Kay McShane

Personal information
- Born: 1948/1949
- Died: 20 December 2019 (aged 70)

Medal record
Women's wheelchair racing
Representing Ireland
Paralympic Games
| Silver medal – second place | 1984 Stoke Mandeville /New York | Marathon 4 |
| Bronze medal – third place | 1988 Seoul | Marathon 4 |
| Bronze medal – third place | 1988 Seoul | 800 m 4 |
London Marathon
| Gold medal – first place | 1984 London | Wheelchair |
| Gold medal – first place | 1985 London | Wheelchair |
| Gold medal – first place | 1986 London | Wheelchair |

= Kay McShane =

Irish Paralympic athlete (died 2019)

Kay McShane (1948/1949 - 20 December 2019) was an Irish wheelchair athlete.

== Career ==
Her record of three consecutive wins in the 1984–1986 London Marathon women's wheelchair race remained unequaled for nearly 20 years until Francesca Porcellato tied the record in 2005 and then broke it in 2006.

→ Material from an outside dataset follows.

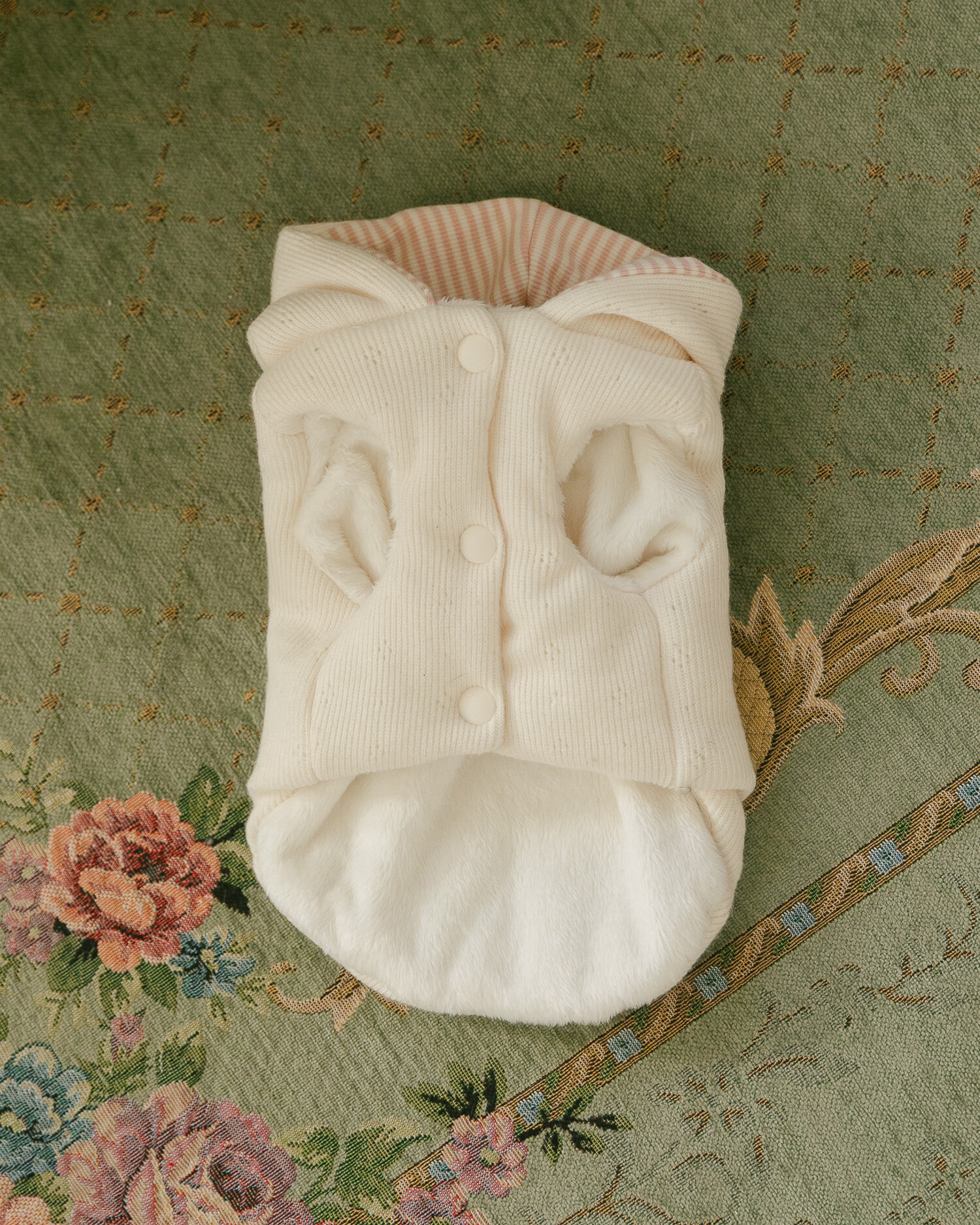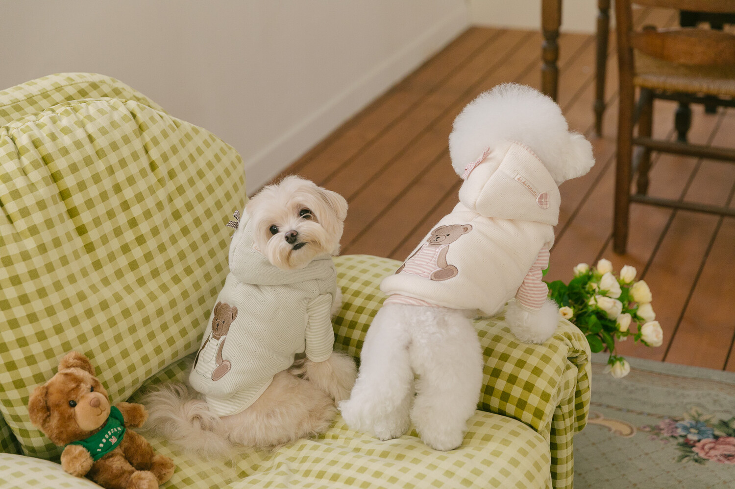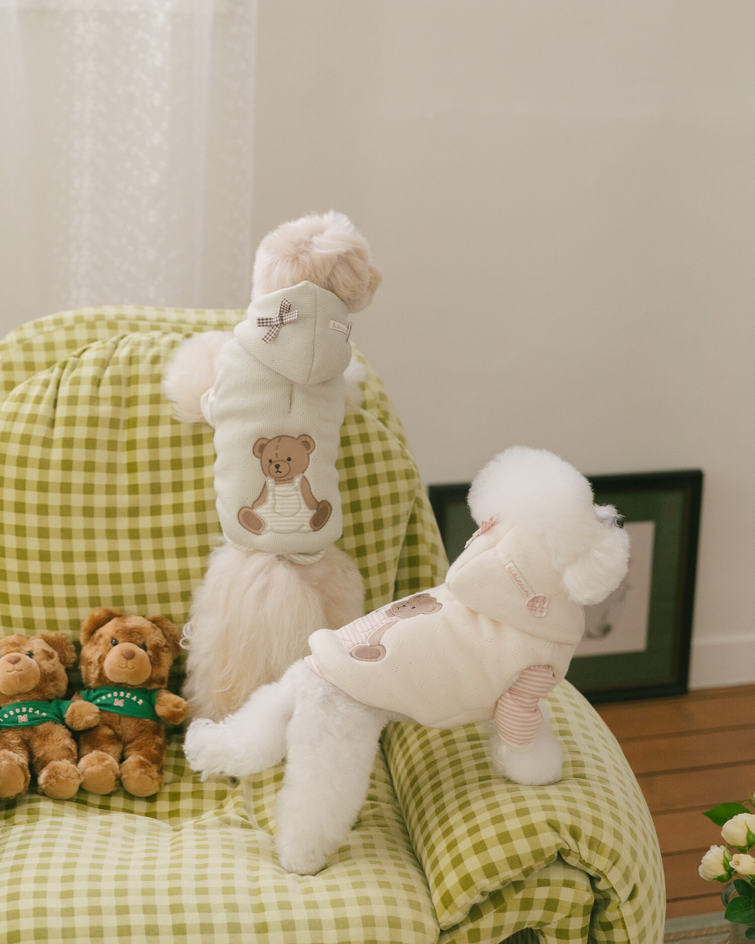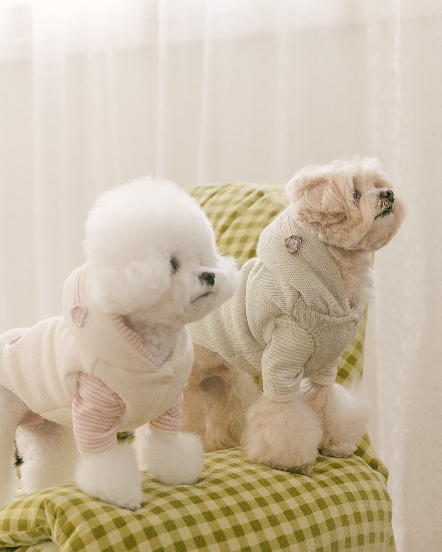 후드에는 깅엄체크 리본과 하트 단추를 더해 사랑스러운 포인트를 완성했습니다🎀

McShane competed in the 1984 and 1988 Summer Paralympics, in events ranging from the 800 metres to the marathon. She took a silver medal in the marathon in 1984, and two bronze medals in the marathon and 800 metres in 1988.

==Life==
McShane was born in Fermoy and raised on Spike Island in Cork Harbour. She contracted polio as a child, and as a result used a wheelchair for the rest of her life.

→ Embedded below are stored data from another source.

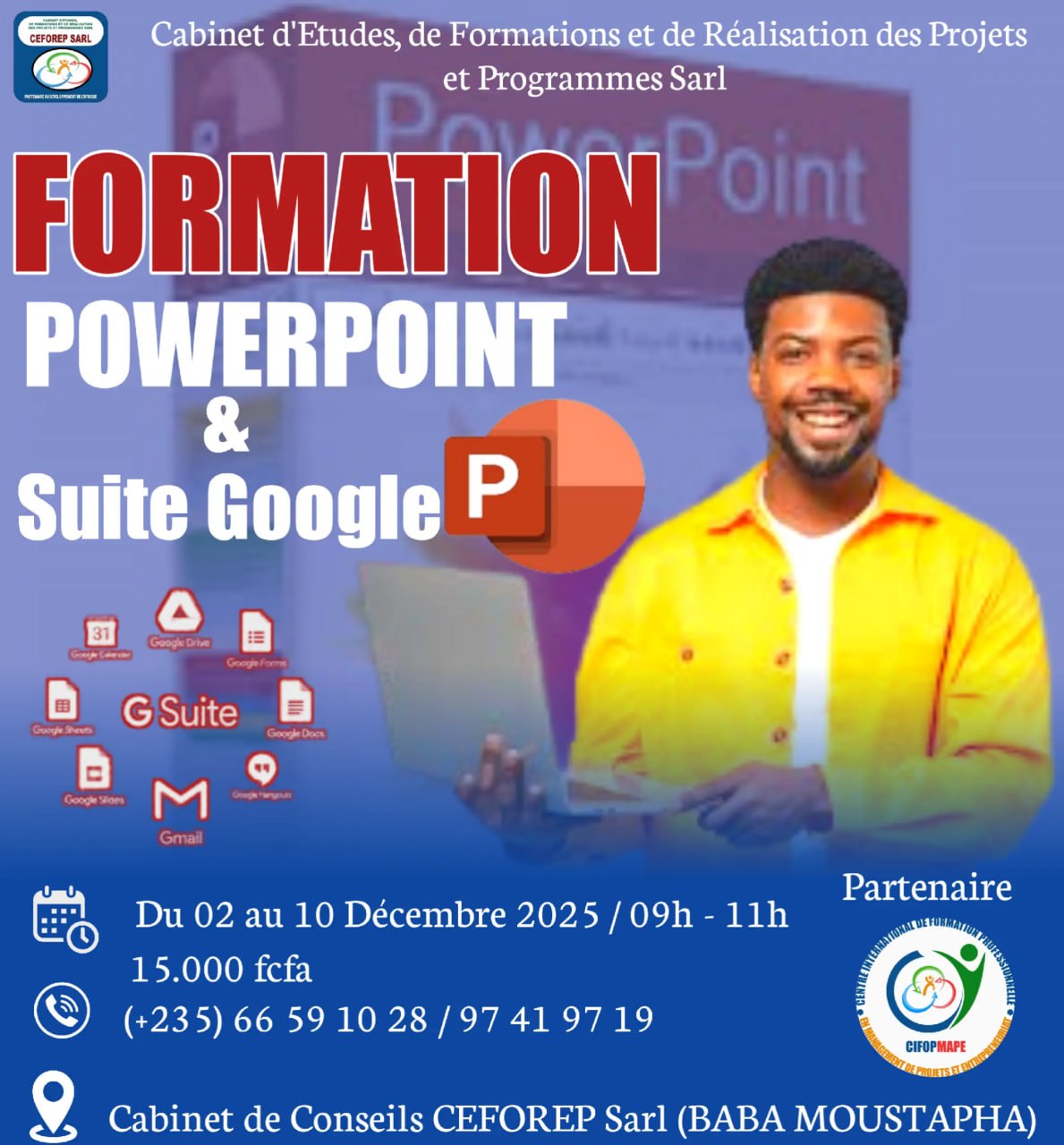 CEFOREP SARL organise une formation sur le Powerpoint & Suite Google, N’Djamena, Tchad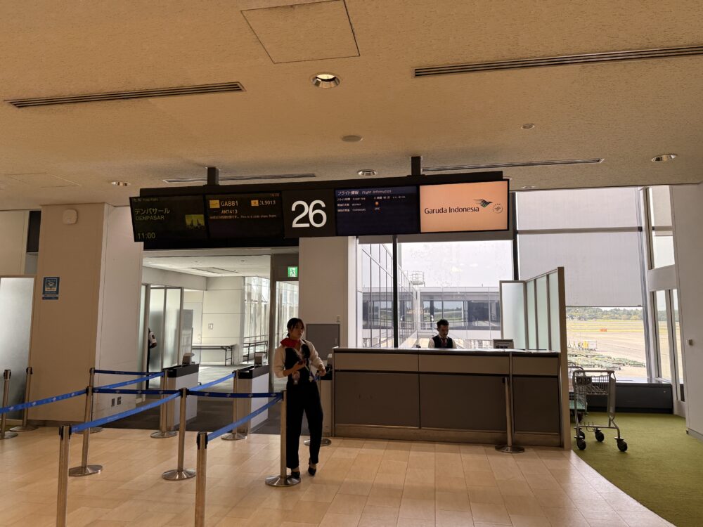 このラウンジの一番のメリットは、ガルーダ便の搭乗ゲートが本当に近いこと。ラウンジを出て数分歩けば26番ゲートに到着。広い空港内でも移動のストレスがなく、心に余裕を持てます。搭乗案内が始まったら、落ち着いた気分のままゲートへ向かいます。スクリーンに「GA881 Denpasar」の文字が表示されているのを見て、久しぶりのガルーダ便でのインドネシア行きに胸が高鳴りました。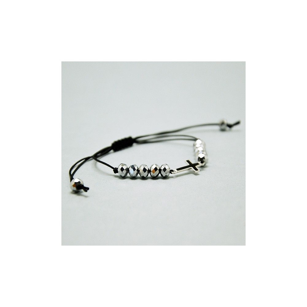 Bracciale Rosario in corda con Croce in Argento e dieci grani in vetro argentati. Tirando le corde si adatta a tutti i tipi di polso. Idea Regalo, scatolato.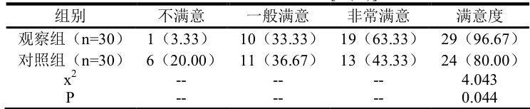 表 1 满意度数据统计显示观察组为 96.67% ,与对照组存在明显差异(P<0.05) 。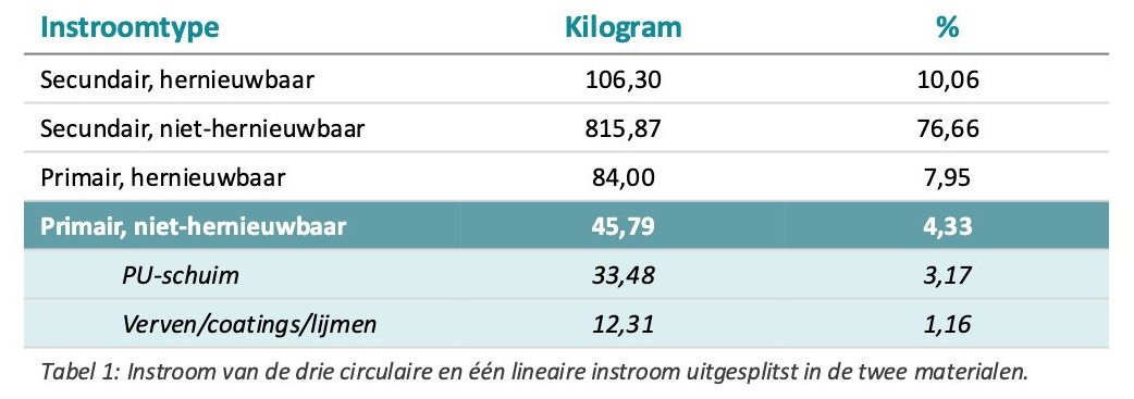 De massa van de-niet circulaire instroom bedraagt 45,79 kilogram. De niet-lineaire instroom komt voort uit met name het PU-schuim alsmede de verven/coating/lijmen die aangebracht zijn. Er zijn een aantal strategieën die passen bij het elimineren van de lineaire instroom.

She lived in the coastal town of Cobh with her husband Michael White; she worked as a civil servant.

Kay McShane died on 20 December 2019, aged 70, of cancer.

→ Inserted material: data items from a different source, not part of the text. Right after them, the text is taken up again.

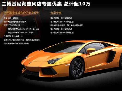 據(jù)了解,消費(fèi)者在蘭博基尼淘寶店選購相關(guān)車型,可以享受專屬優(yōu)惠政策,包含送5000公里免費(fèi)保養(yǎng),10萬元人民幣維修禮金及蘭博基尼專用燃油添加劑等,另外還有F1賽道試駕機(jī)會(huì),總價(jià)值超過10萬元。其中Gallardo LP-560-4 coupe綠色/黃色及Gallardo LP550-2 Coupe黑色有現(xiàn)車各一臺(tái),其他車型需要預(yù)定,一般預(yù)定周期為4-6個(gè)月。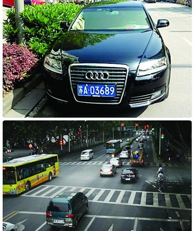 前日,一辆悬挂“苏A03689”的奥迪轿车强行闯关,险些撞上交警。事后,南京交警部门调取该车信息时却意外发现,这副牌照早已注销。昨日,警方专门发出提醒,市民如发现悬挂“苏A03689”的奥迪轿车,请拨打电话报警。 通讯员 王幸福 扬子晚报记者 郭一鹏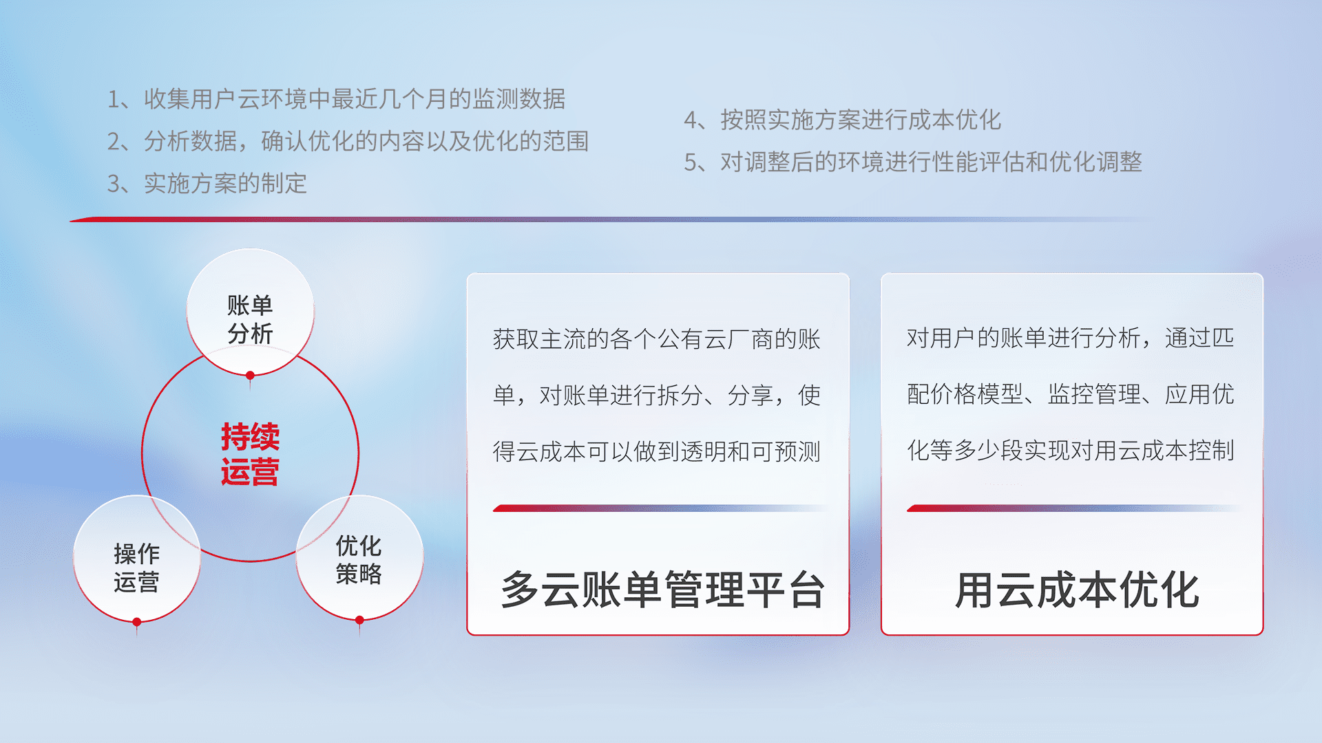 通过多云纳管,,以统一的资源数据模型把客户的云资源进行抽象和封装,,,,进而实现对多云资源的统一操作,,保障云资源管理的可靠性、、、、稳定性与可用性。。量身定制化运维内容,,,,配置、、、、开发运维、、、、补丁管理、、备份、、、、监控、、认证和访问管理、、、审计和日常巡检等,,,,保障在用云过程中的可靠度,,,,稳定度以及高可用率。。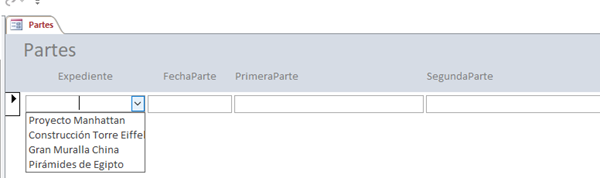 Estoy creando un formulario de Access para introducir partes de trabajo. Necesito que dichos partes estén vinculados a un expediente en particular. Por ello se debe rellenar el número de expediente en el formulario. Debido a que podría haber cientos, ¿existe alguna forma de crear un buscador por descripción de expediente?

In 2023, the Spike Island Development Company Limited (SIDCL) worked with her family to stage an exhibit of her life and achievements at the island's fortress. Disputes arose between the family and SIDCL over accessibility of the exhibit, as the bus transport from the harbour to the fortress was not wheelchair-accessible. SIDCL said it was unable to fund the needed improvements, and the exhibition was cancelled.